Code-N has built a "metathesaurus" of key terms from resources like the National Library of Medicine's Medical Subject Headings and Unified Medical Language System databases; and patent information from the United States Patent and Trademark Office's patent database — all of which are housed in Amazon's cloud infrastructure, Haldeman told BioInform.
Using the concept-based approach, GFF's developers have matched words from their metathesaurus with relevant words in patents, so that "when someone types in 'breast cancer' … we grab every synonym and run that through the search and run all the [possible] combinations … within seconds," he said.
So, using the aspirin and hypertension example, when a user types in those two keywords into GFF, "we actually grab all these synonyms for each of the terms being searched and apply them immediately to what we call the concept cloud of the patents," he explained.
When Code-N launches GFF commercially later this quarter, customers will be charged a yearly subscription fee to access particular GFF concept clouds. Exact prices for each database are still being determined, Haldeman said.
Moving forward, Code-N plans to incorporate additional databases that provide more than patent information.
For example, it plans to add the Kyoto Encyclopedia of Genes and Genomes, portions of PubMed, and concept clouds that contain terms associated with specific diseases, genes, and proteins, Haldeman said.
For an additional fee, the company can also develop private concept clouds using customers' internal databases.

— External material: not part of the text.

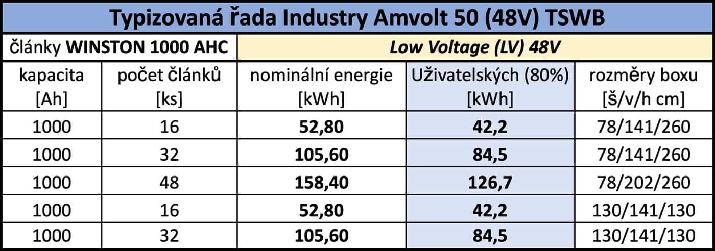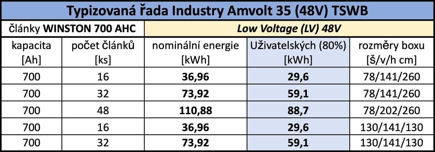 Každý AMVOLT LV Modul je navržen pro 16 kusů LiFePO₄ článků Winston WB-LYP700AHA 3.3 V, 700 Ah s nominálním napětím 48 V nebo 16 kusů LiFePO₄ článků Winston WB-LYP1000AHC 3.3 V, 1000 Ah s nominálním napětím 48 V a certifikací ČSN EN 62619. AMVOLT LV Modulů může být v technické místnosti (nebo v kontejneru) libovolný počet – na sobě i vedle sebe podle možností prostoru a požadavků zákazníka. Moduly je možné rozměrově koncipovat i na míru zákazníka dle specifických prostorových potřeb mimo standardizované rozměry, což je právě příklad instalace, na které jsme se byli podívat v Uhříněvsi (viz níže).

"We’ll basically index their database and keep it behind their firewall and we … link [the] nodes of their concept cloud out with the master … concept cloud," allowing them to "draw inferences and do reasoning across" both resources, Haldeman said.
The yet-to-be-determined fee will cover the cost of indexing and connecting to the private concept cloud, he added.
The company also plans to launch additional products for pharma that will focus on drug surveillance and adverse effects. Haldeman said that the company expects to begin developing those tools in the middle of 2013.